Obama Merit Pay Plan a Good Start

Merit pay would encourage firemen like these to get out and fight fires instead of clowning around.
There’s an old song by the Pink Floyd that goes “We don’t need no education.” I’m not quite sure what the song is, but those lines always stuck with me. Teachers for years have been riding the educational gravy train in this country and we need to stop it. Today, Barrack Obama laid out his plans to make teachers accountable and it is about time. I may be one of Obama’s harshest critics, but I think his proposal is a good start. Obama called for tying teachers’ pay to students’ performance and expanding innovative charter schools Tuesday, embracing ideas that have provoked hostility from members of teachers unions.
Obama also called for us to emulate the South Korean school system where students go a month longer than kids in this country do. I applaud Obama for not looking to Canada which has the second best school system in the world behind only Finland, but which remains a hotbed of liberalism and socialized medicine. According to the Mathematics Association of America, “Most of the top countries pay their starting teachers a salary equivalent to about 95% of national GDP per capita. South Korea pays 141%. In the United States, average starting salaries for teachers are at 81% of national GDP per capita. With avergae ntional GDP in the US currently at $46,000, 81% means an average starting salary of a bit over $37,000. To raise starting salaries to 95% of US GDP per capita, this would have to rise to almost $44,000″ and 141% would be over $60,000 to start, but we’re America and if we can’t get a first class education for third world wages, we might as well just give up now. I would also hope we can avoid South Korea’s huge teen suicide epidemic which is often blamed on high stakes testing.
Now, Obama wants to increase funding for teacher salaries, but he is wisely tying this increase to merit pay. I really love this idea because it assures us of getting what we pay for. The problem with education is how lazy so many teachers are. They sit at their desks all day sipping their expensive coffee and not paying any attention to what theri students are doing. What about the lazy cops who hang out in the doughnut shop or the lazy firemen who don’t want to run into a burning building though? Let’s face it teachers aren’t the only lazy government workers on easy street.

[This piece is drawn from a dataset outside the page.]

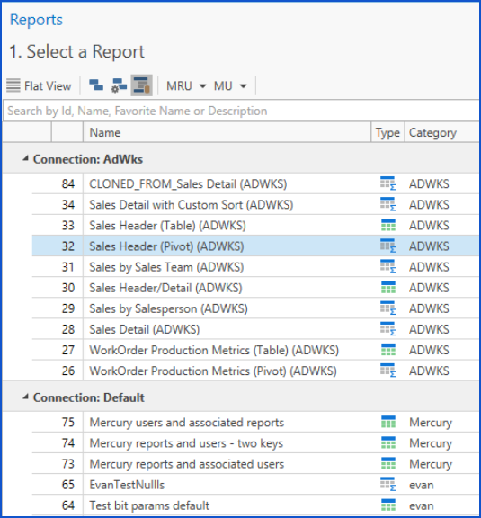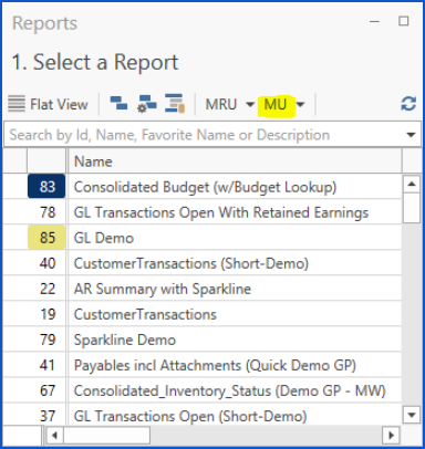 Sorts the report list on the basis of the most recently used by the current user (displays the most recent report at the top of the list). On just clicking the drop-down arrow next to MRU itself, you'll see a picklist. Selecting an item from the list will take you to the corresponding report in the main reports grid. | |

Which is more valuable to a city–The cop who sits in his comfortable car all day or the one who is busting his back writing speeding tickets? Is the city getting its money’s worth for the fireman who sits around the station watching televsion all day or the one who is putting out fires? These people should also be put on incentive pay. Let’s allow cops to keep 20% of all ticket money they raise. Let’s give our firemen $100 for every burning building they enter. That’ll get them off their behinds. In the unfortunate event that you had to go to a public hospital, wouldn’t you want to know the doctor’s salary was being tied into his patients’ survival rates? Let’s truly make this a merit based society. For once, Obama and I seem to agree on something.